NOW Health Group is voluntarily recalling several product lots containing phosphatidylserine supplements that failed to meet potency claimed on label.

The natural products manufacturer said that it was first alerted to the issue on Jan. 5 by a ConsumerLabs.com report and immediately launched an investigation that confirmed that some of the items in four lots indeed fell short of specification.

“While there is no health risk in this situation, we take regulatory compliance and meeting label claims seriously, and giving consumers what they pay for even more seriously,” said Dan Richard, NOW Health Group VP of global sales and marketing. “We are issuing a voluntary recall and being transparent with the industry as a first step, to be followed by adding additional safeguards to our quality assurance protocols, especially for products we don’t make ourselves.”

The recall covers lots #3316650 and #3309243 of NOW Phosphatidyl Serine Extra Strength 300 mg Softgels (50 count) and lots #3309194 and #3316624 of the Protocol for Life Balance practitioner brand, marketed to support cognitive health. NOW confirmed fewer than 10,000 units of the NOW brand and less than 3,000 units of the Protocol brand have been sold.

A blending issue

The investigation traced the inconsistencies to a contract manufacturer and attributed the source of the problem to “difficulty blending lecithin and achieving uniformity”.

“Various product testing confirmed 30 mg and 55 mg per soft gel for some units and over 300 mg for others from the same lot,” Joshlyn Atoyebi, senior compliance manager at NOW, told NutraIngredients-USA. “[T]his is how we can tell that the problem is a blending issue with the contract manufacturer rather than a problem with the phosphatidylserine itself.”

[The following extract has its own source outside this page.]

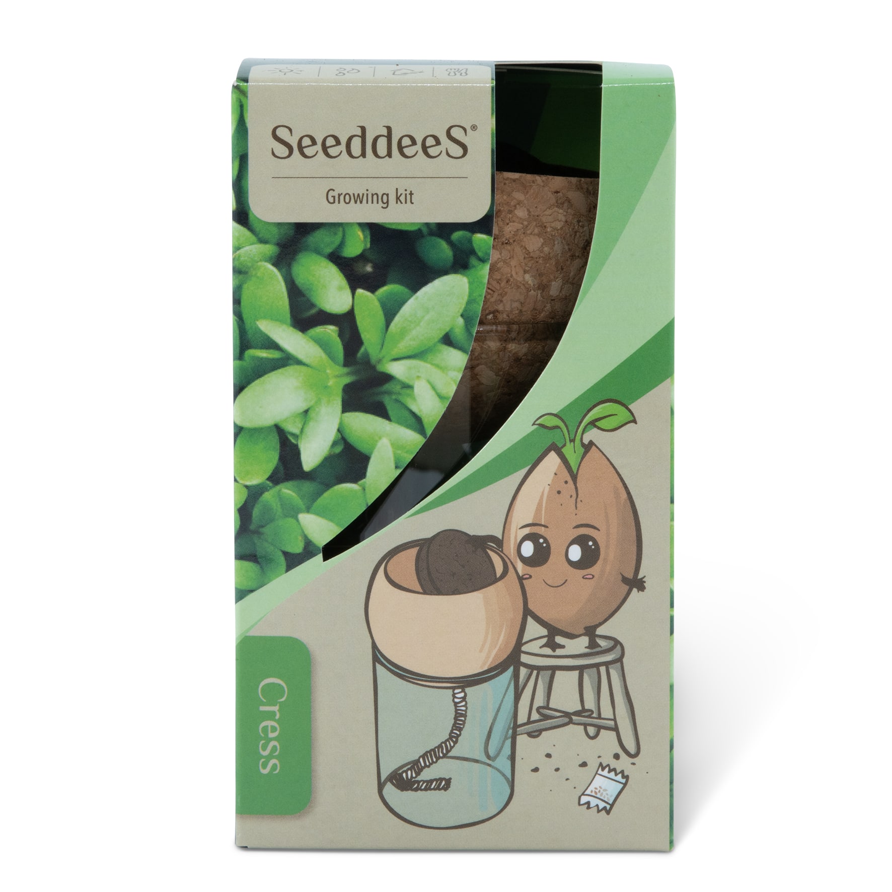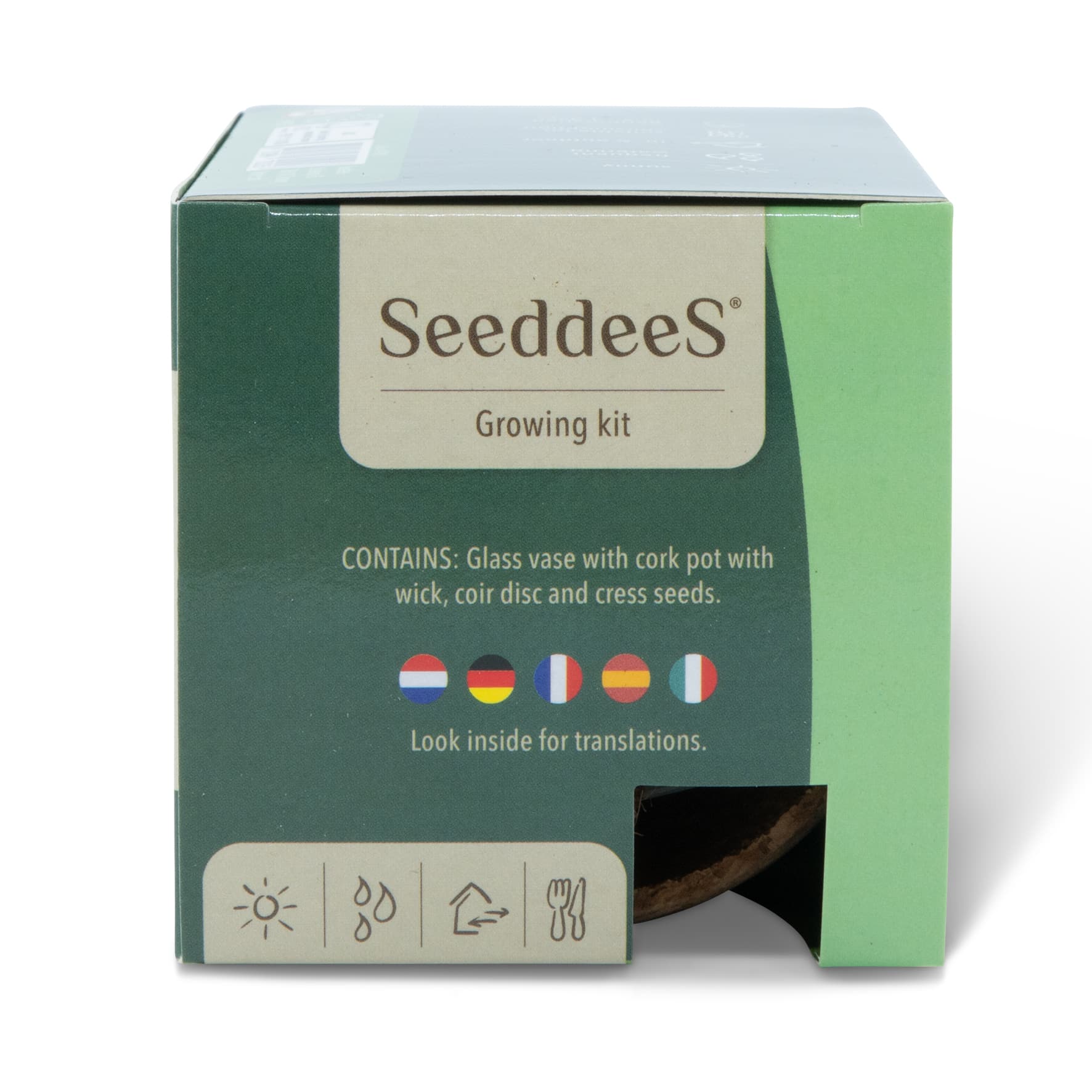ENTHÄLT: Glasvase mit Korkgefäss mit Docht, Kokostablette und Kresse-Samen.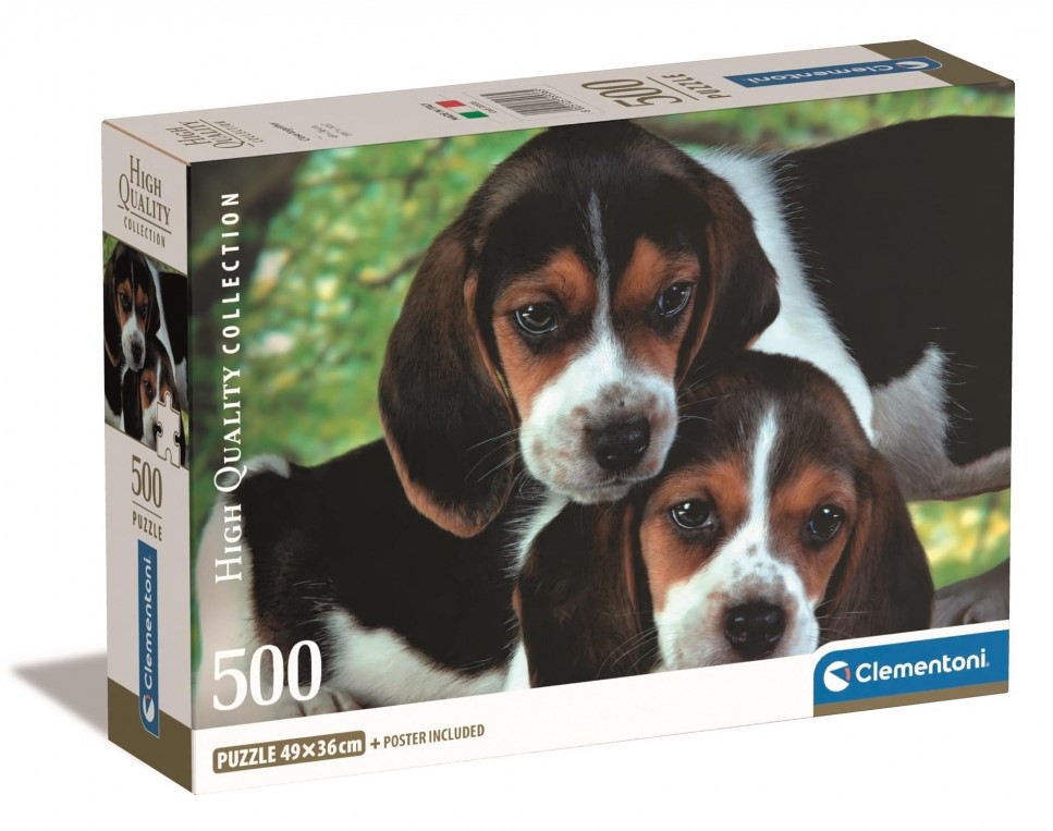 Puzzle Compact składające się z 500 elementów to prawdziwe wyzwanie dla każdego dużego i małego miłośnika układania. Układanie puzzli to rozwijająca aktywność, która wycisza oraz wymaga cierpliwości, koncentracji i wytrwałości. Uczy najmłodszych spostrzegawczości oraz rozwija ich zdolności manualne i umiejętność logicznego myślenia.Po ułożeniu układanki powstanie obrazek o wymiarach 49x36cm, przedstawiający pieski rasy beagle.

NOW manufactures close to 80% of its dietary supplements at its in-house facilities across the U.S. and Canada and relies on 25 different contract manufacturers to supplement its internal capacities. It highlights its commitment to rigorous quality protocols, which include over 19,000 quality tests a month throughout the manufacturing process in its ISO-accredited labs.

In the case of the phosphatidylserine lots, NOW said that products are formulated with a standard 324 mg, representing an 8% overage, and that pre-shipment samples tested in its third-party ISO-accredited analytical and microbiological lab passed at over 300 mg/softgels.

“Obviously, in light of this situation, we will adjust our testing procedures and protocols with our contract manufacturers to ensure that this never happens again,” Atoyebi said. “NOW continues to focus on comprehensive testing and will only continue to get better.”

Focus on quality assurance

This comprehensive testing extends to surveillance of other supplements on the market through a product policing program NOW launched in 2017 to check whether unfamiliar brands sold on Amazon meet label claims.

The 17 testing rounds to date have uncovered “subpar” to “baffling” to “abysmal” results tied to potency, labeling, contamination, adulteration and heavy metal level issues across over 150 tested products, including “serious failings” in the phosphatidylserine category.

NOW said that it is working with the U.S. Food and Drug Administration to execute its recall, which includes contacting all customers who ordered the affected products with detailed instructions on next steps.